Most missionaries who have served in a Christian country have heard this argument from someone. It is the main argument against the Book of Mormon.

“The argument is, as the Lord suggests, most foolish. It is our modern counterpart to those of Jesus’ day who rejected him in the pretense of being loyal to the Law of Moses, the irony being that loyalty to the Law of Moses demanded acceptance of Jesus as the Christ. The purpose of the Law of Moses was to teach and testify of Christ. Such is also the purpose of the Book of Mormon, it being the most Christ-centered book ever written. Yet it is rejected in the name of loyalty to the Bible. The logical extension of such reasoning would be to reject the Gospel of Mark in the name of loyalty to Matthew or to reject the witness of Peter in the pretense of loyalty to Paul and his teachings.” (McConkie and Millet, Doctrinal Commentary on the Book of Mormon, vol. 1, p. 347)

Most people who cry, we have got a Bible, and there cannot be any more Bible, have no idea why they believe that.

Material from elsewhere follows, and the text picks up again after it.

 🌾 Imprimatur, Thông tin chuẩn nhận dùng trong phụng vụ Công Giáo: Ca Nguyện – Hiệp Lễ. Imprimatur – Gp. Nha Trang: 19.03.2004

Some will quote the passage in Rev. 22:18-19:

’For I testify unto every man that heareth the words of the prophecy of this book, If any man shall add unto these things, God shall add unto him the plagues that are written in this book:

And if any man shall take away from the words of the book of this prophecy, God shall take away his part out of the book of life, and out of the holy city, and from the things which are written in this book.’

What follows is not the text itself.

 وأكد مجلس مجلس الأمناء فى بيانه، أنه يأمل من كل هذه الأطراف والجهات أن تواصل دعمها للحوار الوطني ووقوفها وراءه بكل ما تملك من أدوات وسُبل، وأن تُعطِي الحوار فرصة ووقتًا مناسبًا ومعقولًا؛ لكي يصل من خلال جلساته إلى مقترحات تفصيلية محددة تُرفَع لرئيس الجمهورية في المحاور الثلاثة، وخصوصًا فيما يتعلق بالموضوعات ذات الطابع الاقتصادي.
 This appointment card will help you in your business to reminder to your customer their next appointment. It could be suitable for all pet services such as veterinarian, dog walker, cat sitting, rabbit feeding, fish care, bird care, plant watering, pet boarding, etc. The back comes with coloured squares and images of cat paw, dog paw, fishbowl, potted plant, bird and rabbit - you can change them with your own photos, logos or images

They argue that John was declaring that nothing could be added to the Bible or taken away from the Bible. This is their proof that the heavens closed after the Bible was written.

This argument implies that John was writing the book of Revelation as the last chapter of the New Testament. It is in this context only that the passage above can be construed to refer to the entire Bible. This thought process is false for the following reasons—first the books that we know as the New Testament were not compiled at the time of John’s writing. They were scattered epistles gathered together sometime later. Second, John is thought to have written the epistles of John after writing the book of Revelation—demonstrating that the passage does not mean that there can be no more revelation. Third, the context of the passage itself demonstrates that John was talking about the book of Revelation not the entire Bible. When John says, If any man shall add unto these things, God shall add unto him the plagues that are written in this book he is referring to the plagues discussed in Revelation 15 &16 not the plagues written in the New Testament. The New Testament is not a book of plagues, the book of Revelation is. Fourth, a very similar passage is found in Deuteronomy 4:2:

’Ye shall not add unto the word which I command you, neither shall ye diminish ought from it, that ye may keep the commandments of the Lord your God which I command you.’

If such a passage is meant to imply that there cannot be any more scripture, then everything in the Bible after Deuteronomy must be false.

The real meaning of the scripture is that the commandments of God should not be altered. Nevertheless, they were altered for we know that there are many plain and precious things taken away from the book (1 Nephi 13:28). When Joseph Smith altered passages of the book of Revelation in the Joseph Smith Translation, it was to restore those plain and precious things that were lost.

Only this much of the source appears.